**Activity**: Please restate the records that follow word for word, omitting any images.

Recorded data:
====

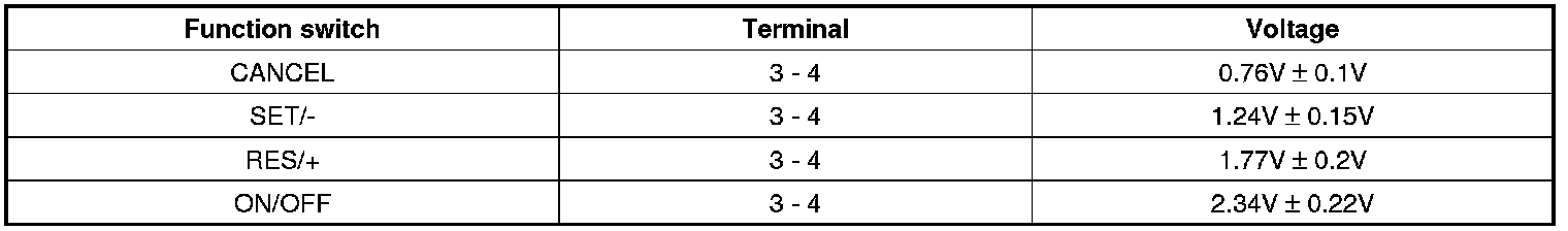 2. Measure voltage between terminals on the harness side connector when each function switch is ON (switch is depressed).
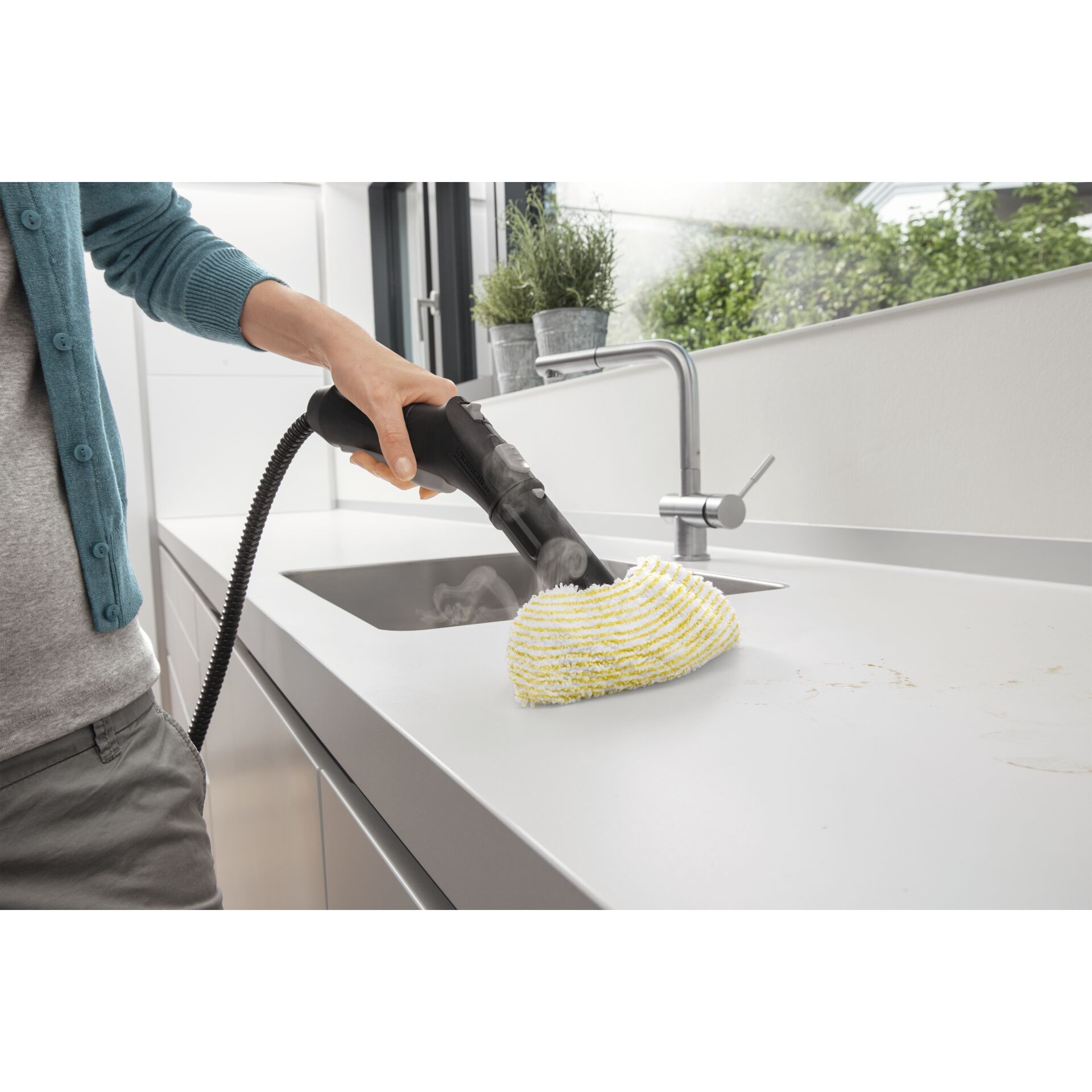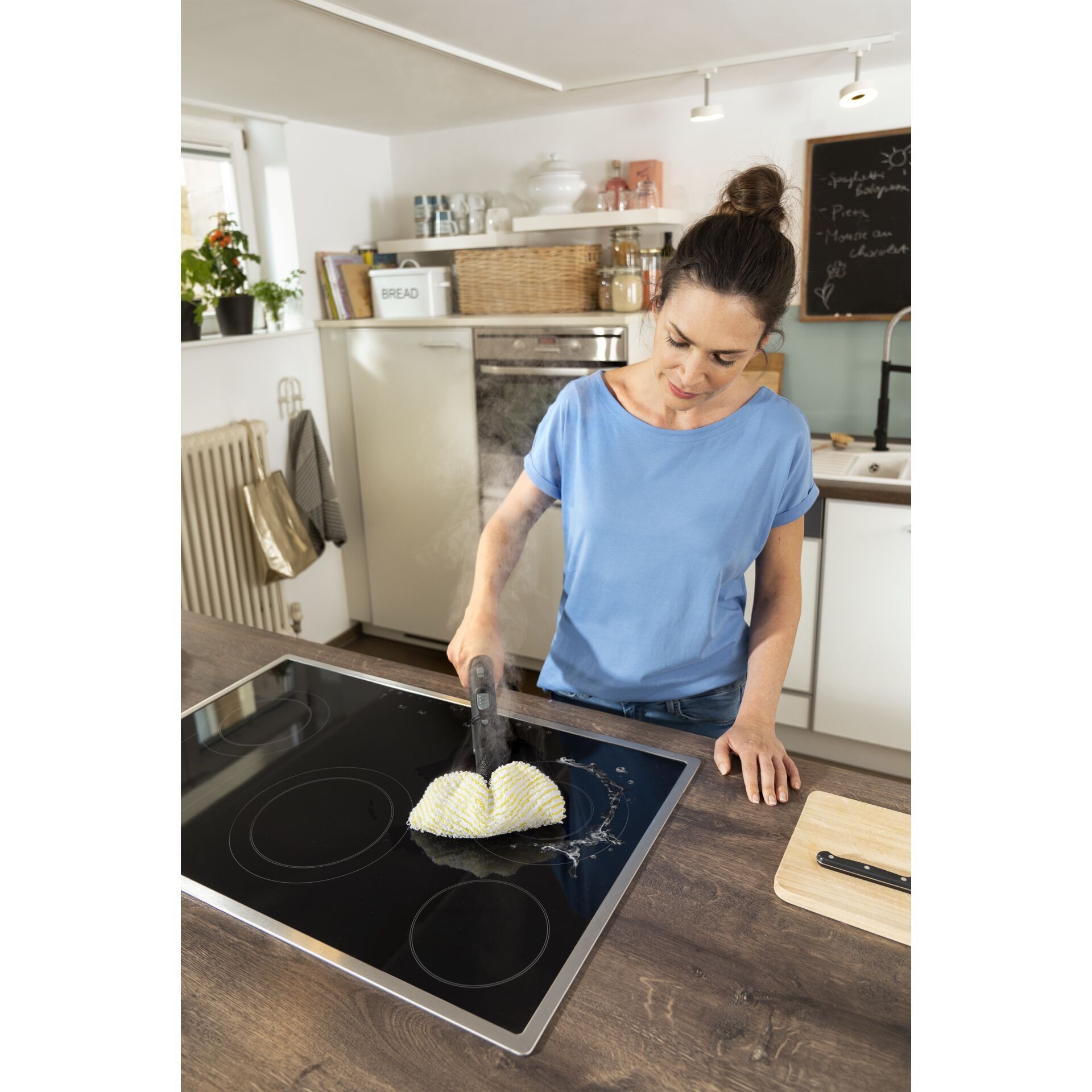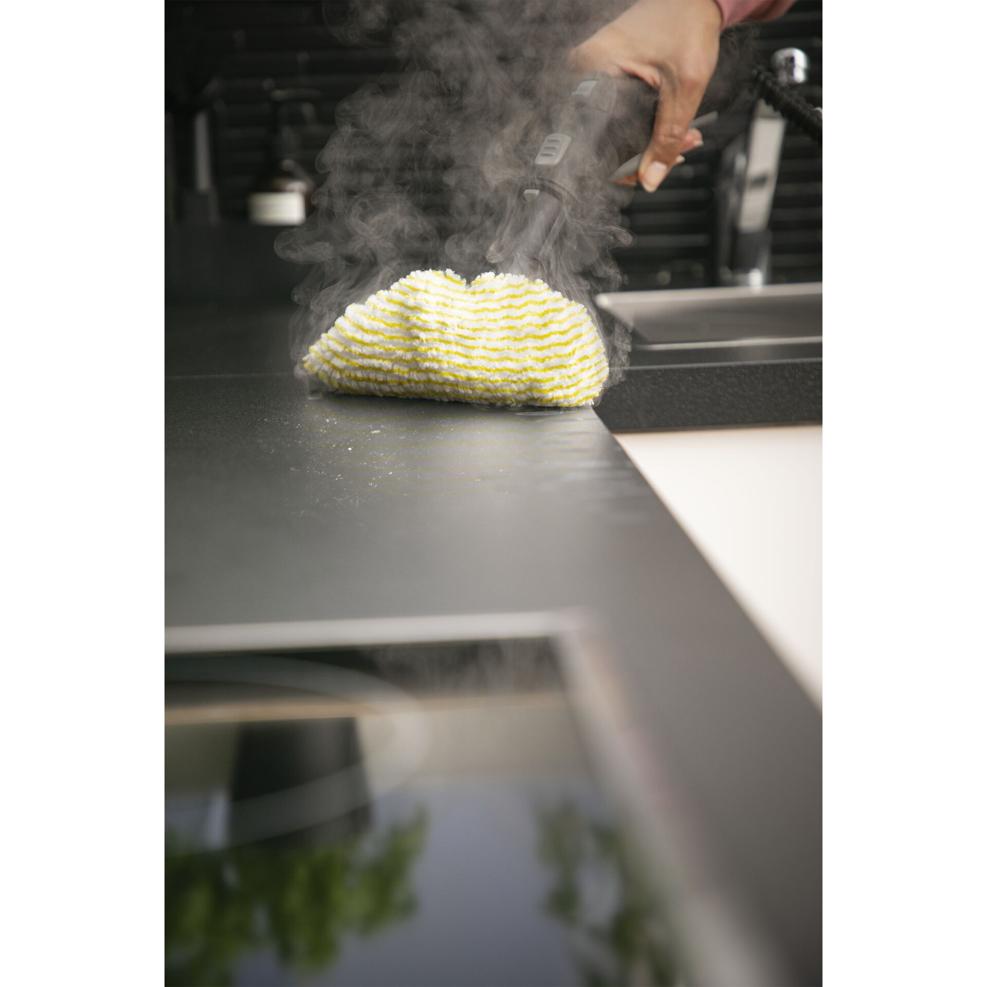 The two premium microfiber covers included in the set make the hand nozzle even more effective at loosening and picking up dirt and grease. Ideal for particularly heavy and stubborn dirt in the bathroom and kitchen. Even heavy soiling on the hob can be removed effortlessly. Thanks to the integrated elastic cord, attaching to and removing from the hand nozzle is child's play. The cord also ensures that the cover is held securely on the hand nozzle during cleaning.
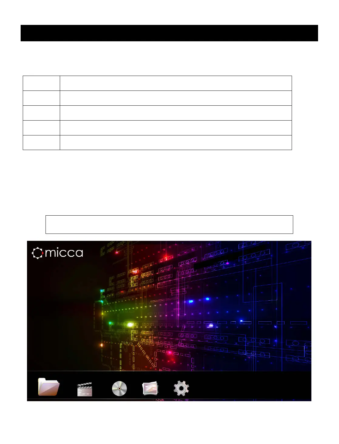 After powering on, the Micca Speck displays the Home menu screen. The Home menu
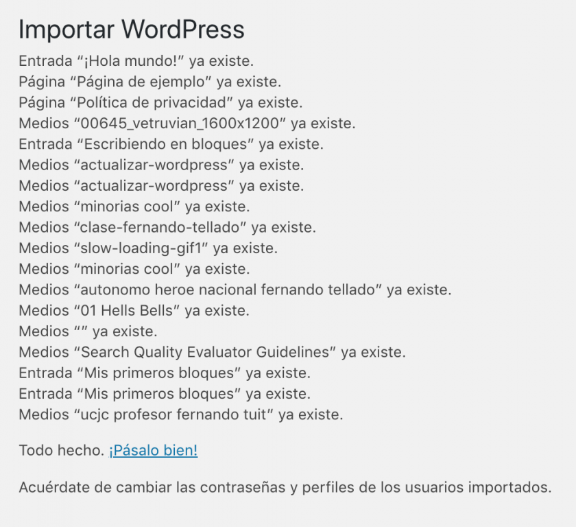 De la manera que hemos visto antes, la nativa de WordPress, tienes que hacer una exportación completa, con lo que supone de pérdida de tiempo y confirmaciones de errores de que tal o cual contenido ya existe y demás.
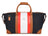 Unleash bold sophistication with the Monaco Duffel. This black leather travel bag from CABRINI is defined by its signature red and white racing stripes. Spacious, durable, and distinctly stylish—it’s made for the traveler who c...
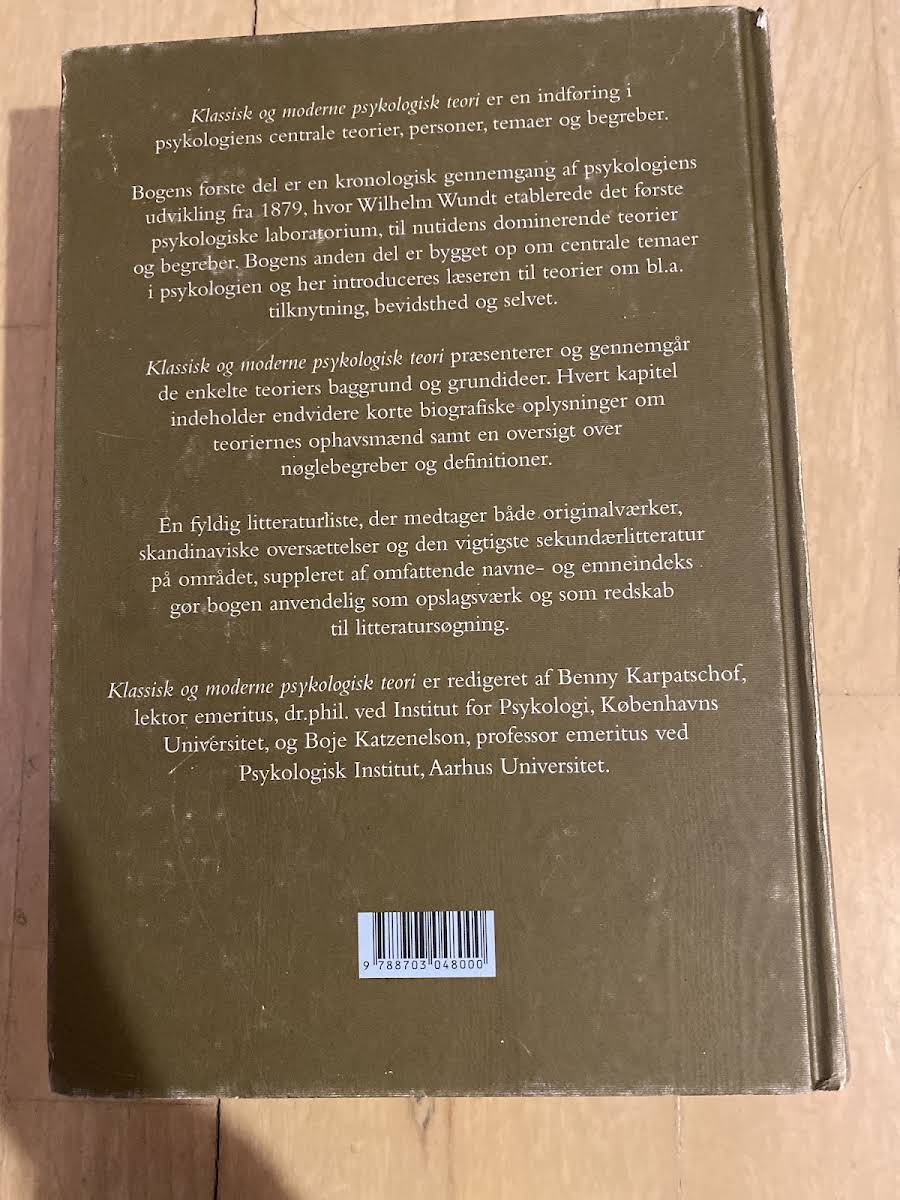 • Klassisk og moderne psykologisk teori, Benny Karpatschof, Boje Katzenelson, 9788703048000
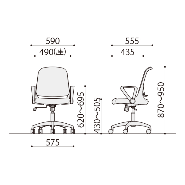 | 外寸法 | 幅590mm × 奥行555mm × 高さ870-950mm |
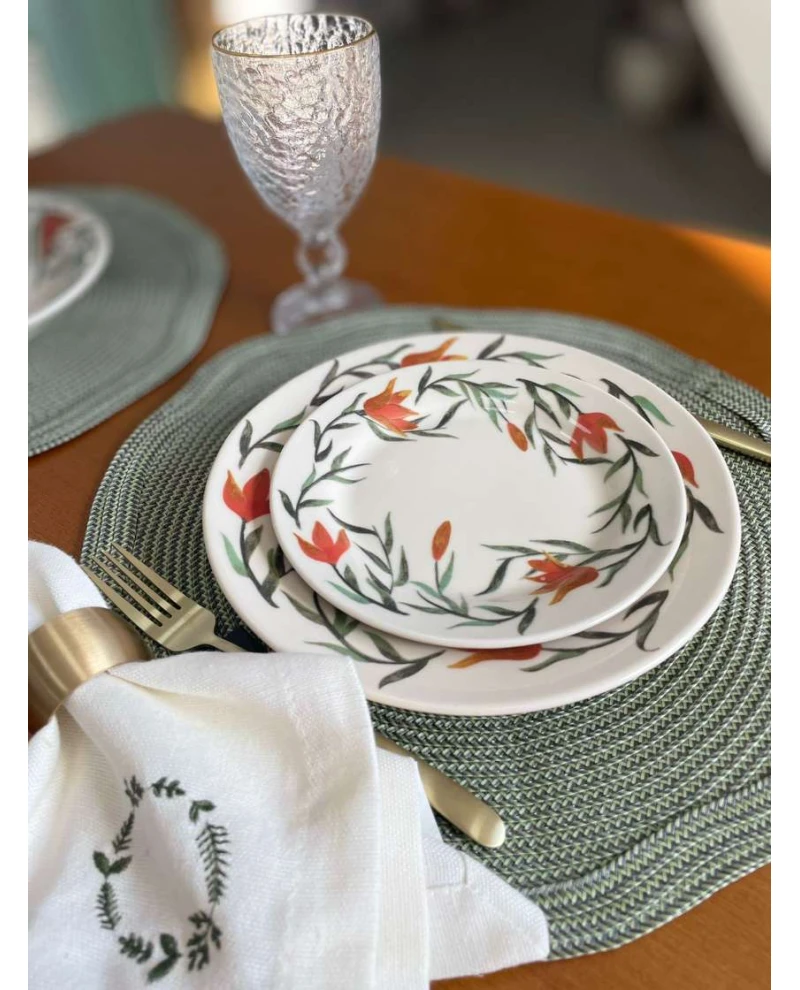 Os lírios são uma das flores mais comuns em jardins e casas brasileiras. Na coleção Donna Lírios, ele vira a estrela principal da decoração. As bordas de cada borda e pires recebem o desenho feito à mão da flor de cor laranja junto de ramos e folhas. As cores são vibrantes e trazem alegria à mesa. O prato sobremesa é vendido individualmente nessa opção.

====

**Your solution**:
 2. Measure voltage between terminals on the harness side connector when each function switch is ON (switch is depressed).
 The two premium microfiber covers included in the set make the hand nozzle even more effective at loosening and picking up dirt and grease. Ideal for particularly heavy and stubborn dirt in the bathroom and kitchen. Even heavy soiling on the hob can be removed effortlessly. Thanks to the integrated elastic cord, attaching to and removing from the hand nozzle is child's play. The cord also ensures that the cover is held securely on the hand nozzle during cleaning.
 After powering on, the Micca Speck displays the Home menu screen. The Home menu
 De la manera que hemos visto antes, la nativa de WordPress, tienes que hacer una exportación completa, con lo que supone de pérdida de tiempo y confirmaciones de errores de que tal o cual contenido ya existe y demás.
 Unleash bold sophistication with the Monaco Duffel. This black leather travel bag from CABRINI is defined by its signature red and white racing stripes. Spacious, durable, and distinctly stylish—it’s made for the traveler who c...
 • Klassisk og moderne psykologisk teori, Benny Karpatschof, Boje Katzenelson, 9788703048000
 | 外寸法 | 幅590mm × 奥行555mm × 高さ870-950mm |
 Os lírios são uma das flores mais comuns em jardins e casas brasileiras. Na coleção Donna Lírios, ele vira a estrela principal da decoração. As bordas de cada borda e pires recebem o desenho feito à mão da flor de cor laranja junto de ramos e folhas. As cores são vibrantes e trazem alegria à mesa. O prato sobremesa é vendido individualmente nessa opção.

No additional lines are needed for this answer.